#### WHAT IS BEING ASKED:
Copy the lines running from the one that contains "在本研究的条件下,佩戴戒指的" to the end of the entries below, exactly and with no pictures.

--- RECORDS FOR THE EXERCISE ---

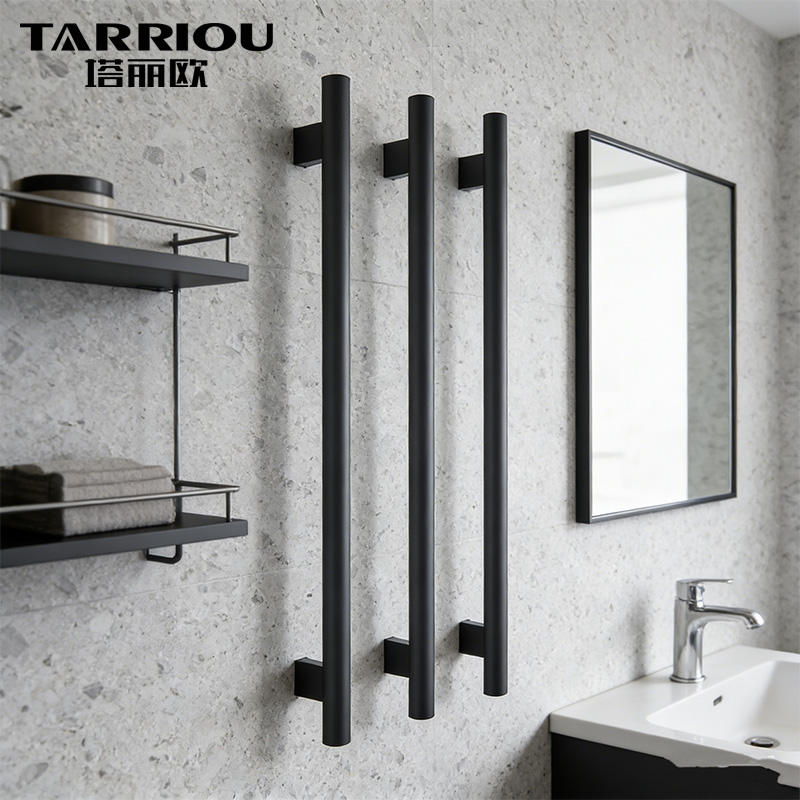 Porte-serviette unique en acier inoxydable noir mat TARRIOU pour salle de bain
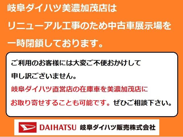 U−CAR美濃加茂店は岐阜ダイハツ販売(株)が展開する中古車販売店舗です。誠に勝手ながら岐阜ダイハツ 美濃加茂店ではリニューアル工事のため、美濃加茂店の中古車展示場を一時閉鎖しております。岐阜ダイハツ直営店の在庫車を美濃加茂店にお取り寄せすることも可能です。お客様のご連絡ご来店を心よりお待ちしております。アフターメンテナンスの関係上、岐阜県在住でメンテナンスでご入庫頂ける方のみへの販売とさせていただいております。ご了承くださいませ。
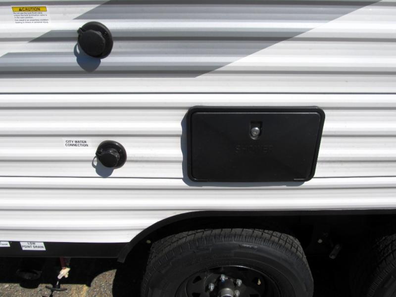 The Jayco Jay Flight SLX travel trailer is quite easy to own because it is lightweight for an easier towing experience. Built on a fully integrated A-frame with galvanized-steel, impact-resistant wheel wells, the Jay Flight SLX has quality at its very foundation. That quality continues on to the electric self-adjusting brakes, easy-lube hubs, Magnum Truss roof system, and LP quick connect. Some of what the mandatory Customer Value Package includes is backup camera prep, Keyed-Alike entry and baggage doors, and an on-demand tankless water heater.
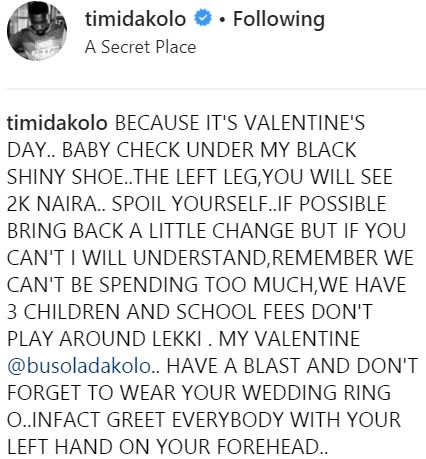 "IF POSSIBLE BRING BACK A LITTLE CHANGE BUT IF YOU CAN'T I WILL UNDERSTAND,REMEMBER WE CAN'T BE SPENDING TOO MUCH,WE HAVE 3 CHILDREN AND SCHOOL FEES DON'T PLAY AROUND LEKKI . MY VALENTINE @busoladakolo..
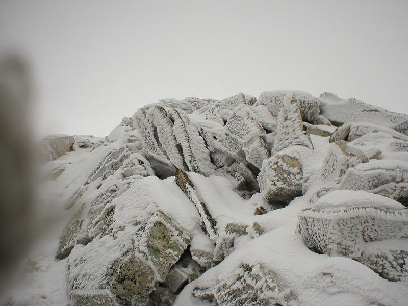 A little higher up the summit ridge, there were a bunch of rocks with some cool snow patterns on them. Also, notice the gray skies again:
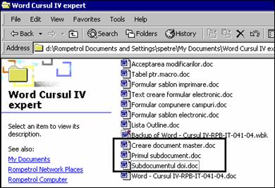 Īn urma operatiei de salvare a documentului master Word-ul a salvat fiecare subdocument ca fisier separat īn acelasi dosar, dāndu-i numele scris ca titlu īn momentul crearii. Acesta este unul din motivele pentru care la punctul 4 ti s-a spus sa introduci titlul cu stilul Heading 1.
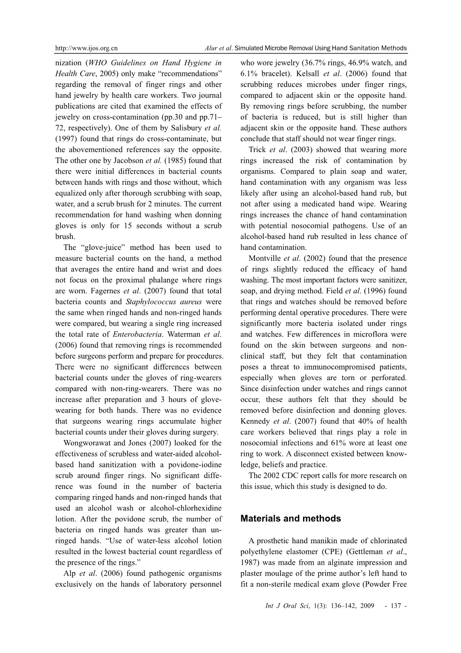 在本研究的条件下,佩戴戒指的手在流水下被刷洗的时间越长,拟微生物被去除的数量越多。只洗手5秒是无效的,尤其是只洗手掌。在洗手时间达到25秒时所有方法在根本上是相同的。清洁手掌没有清洁手背那么有效能去除拟微生物。在本研究中使用的洗手液时配合用温水比用冷水更有效。当必须在冷水下洗手且至多15秒,给定在有或没有肥皂中做选择时,这些实验结果表明,最好不要使用肥皂去除拟微生物。定性来说,清洗戒指外表面比清洗戒指下的缝隙更有效,并且镶有宝石的戒指拟微生物的积累和残留超过其他类型的戒指。由于清洗的戒指环隙的存在困难,在检查用手套下不应该戴戒指,否则会带来是病人和卫生保健工作者之间的交叉污染的后果。
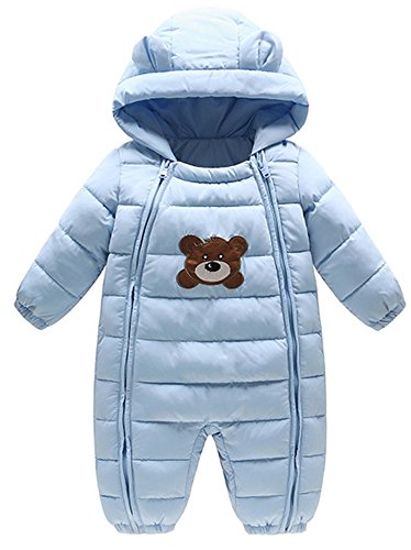 (チェリーレッド)CherryRed ベビー服 新生児 カバーオール 前開き ふわふわ 中綿 フード付き 寒さ対策 青 90

---

#### ANSWER TO THIS TASK:
 在本研究的条件下,佩戴戒指的手在流水下被刷洗的时间越长,拟微生物被去除的数量越多。只洗手5秒是无效的,尤其是只洗手掌。在洗手时间达到25秒时所有方法在根本上是相同的。清洁手掌没有清洁手背那么有效能去除拟微生物。在本研究中使用的洗手液时配合用温水比用冷水更有效。当必须在冷水下洗手且至多15秒,给定在有或没有肥皂中做选择时,这些实验结果表明,最好不要使用肥皂去除拟微生物。定性来说,清洗戒指外表面比清洗戒指下的缝隙更有效,并且镶有宝石的戒指拟微生物的积累和残留超过其他类型的戒指。由于清洗的戒指环隙的存在困难,在检查用手套下不应该戴戒指,否则会带来是病人和卫生保健工作者之间的交叉污染的后果。
 (チェリーレッド)CherryRed ベビー服 新生児 カバーオール 前開き ふわふわ 中綿 フード付き 寒さ対策 青 90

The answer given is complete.